Task brief ▸ Only the lines from the one holding "Stellen Sie sich" to the end of the data should be echoed, exactly as they appear, minus the pictures.

[Extracted data entries]

····················

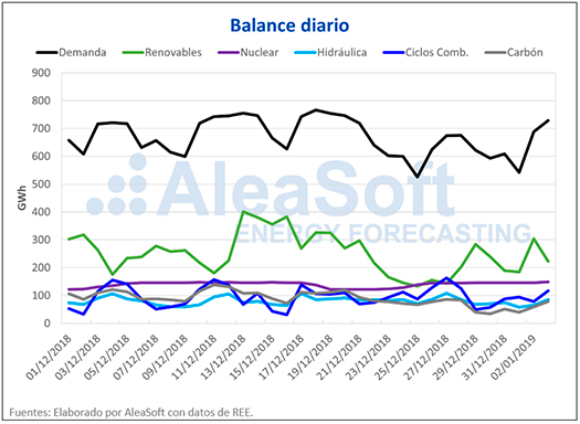 Es especialmente llamativo el precio registrado para el 1 de enero, 63,45 €/MWh, que fue el precio más caro entre los mercados europeos ese día, justo cuando el mercado alemán registraba un precio negativo de -4,30 €/MWh como promedio de las 24 horas del día. La baja producción eólica en la península el primer día del año no pudo compensar una de las demandas más bajas del invierno y disparó el precio un día que acostumbra a ser uno de los más bajos del año.
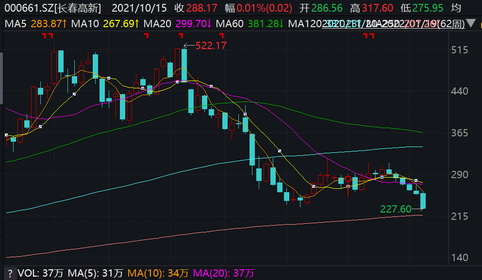 对于持有医药主题基金的基民来说,更担心的则是长春高新是否会拖累基金净值。自去年2月份,随着“喝酒吃药”抱团股行情的结束,长春高新的股价也从最高价522.2元跌到了今日的227.6元,创出近2年来的新低。
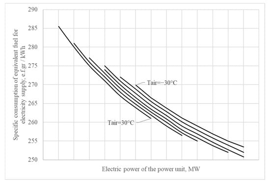 - The specific standard fuel consumption for electric generation in the condensation mode varies from 248 to 280 e.f.gr./kWh, and in the heating mode from 170 to 210 e.f.gr./kWh.
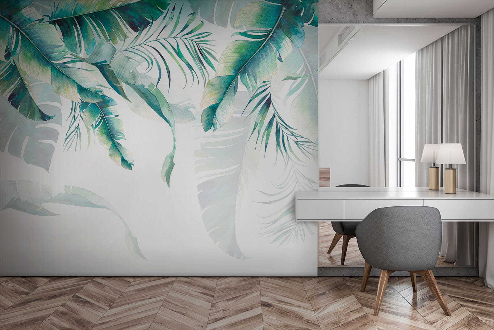 Stellen Sie sich Folgendes vor: Sie betreten einen Raum und werden in ein üppiges, tropisches Paradies versetzt. Dieser “Fototapeten Tropical Leaves”-Druck ist schlichtweg faszinierend. Es ist, als hätte Mutter Natur selbst einen Aquarellpinsel in die Hand genommen und sich an die Arbeit gemacht. Die leuchtenden Grüntöne und die sanften Blautöne der Blätter strahlen Entspannung aus – perfekt für jeden Raum, der einen ruhigen Touch braucht.
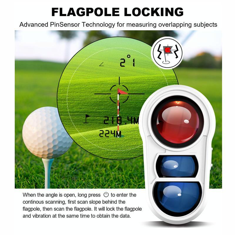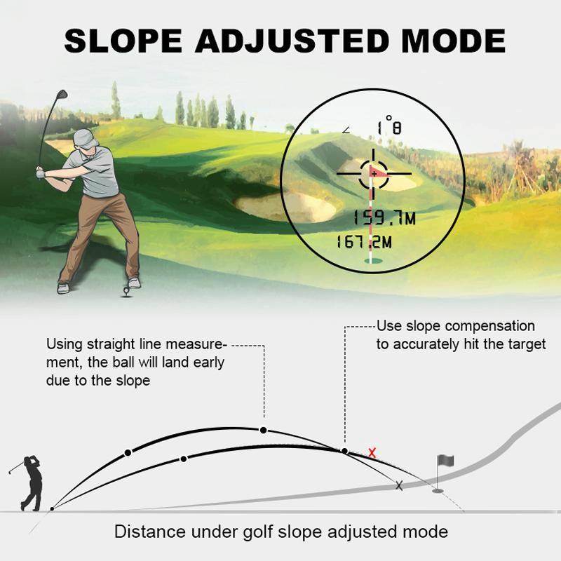6. Golf mode: slope technology + vibration technology, golfers will get compensated distance from the rangefinder according to the actual slope
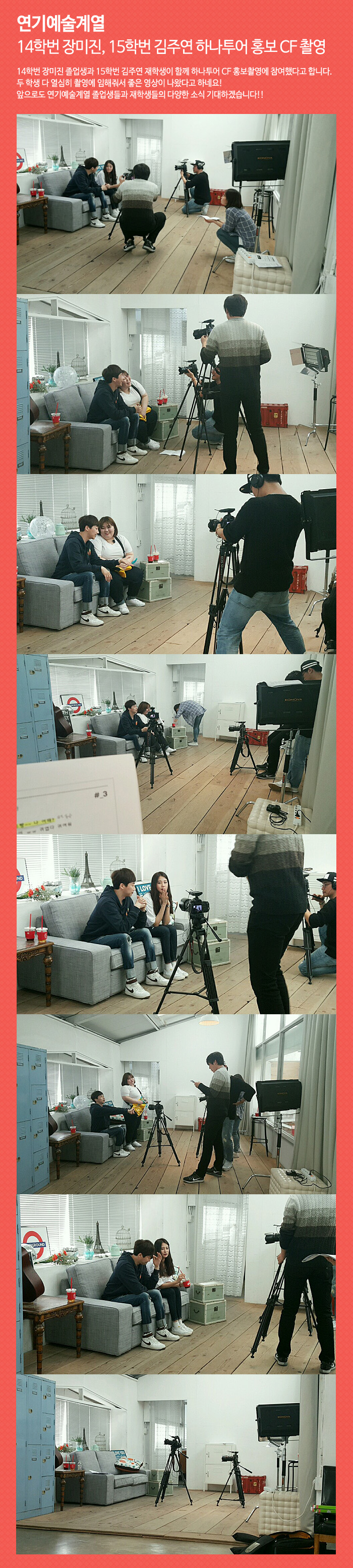 14학번 장미진 졸업생과 15학번 김주연 재학생이 함께 하나투어 CF 홍보촬영에 참여했다고 합니다.

····················

Reply to the exercise ▸
 Stellen Sie sich Folgendes vor: Sie betreten einen Raum und werden in ein üppiges, tropisches Paradies versetzt. Dieser “Fototapeten Tropical Leaves”-Druck ist schlichtweg faszinierend. Es ist, als hätte Mutter Natur selbst einen Aquarellpinsel in die Hand genommen und sich an die Arbeit gemacht. Die leuchtenden Grüntöne und die sanften Blautöne der Blätter strahlen Entspannung aus – perfekt für jeden Raum, der einen ruhigen Touch braucht.
6. Golf mode: slope technology + vibration technology, golfers will get compensated distance from the rangefinder according to the actual slope
 14학번 장미진 졸업생과 15학번 김주연 재학생이 함께 하나투어 CF 홍보촬영에 참여했다고 합니다.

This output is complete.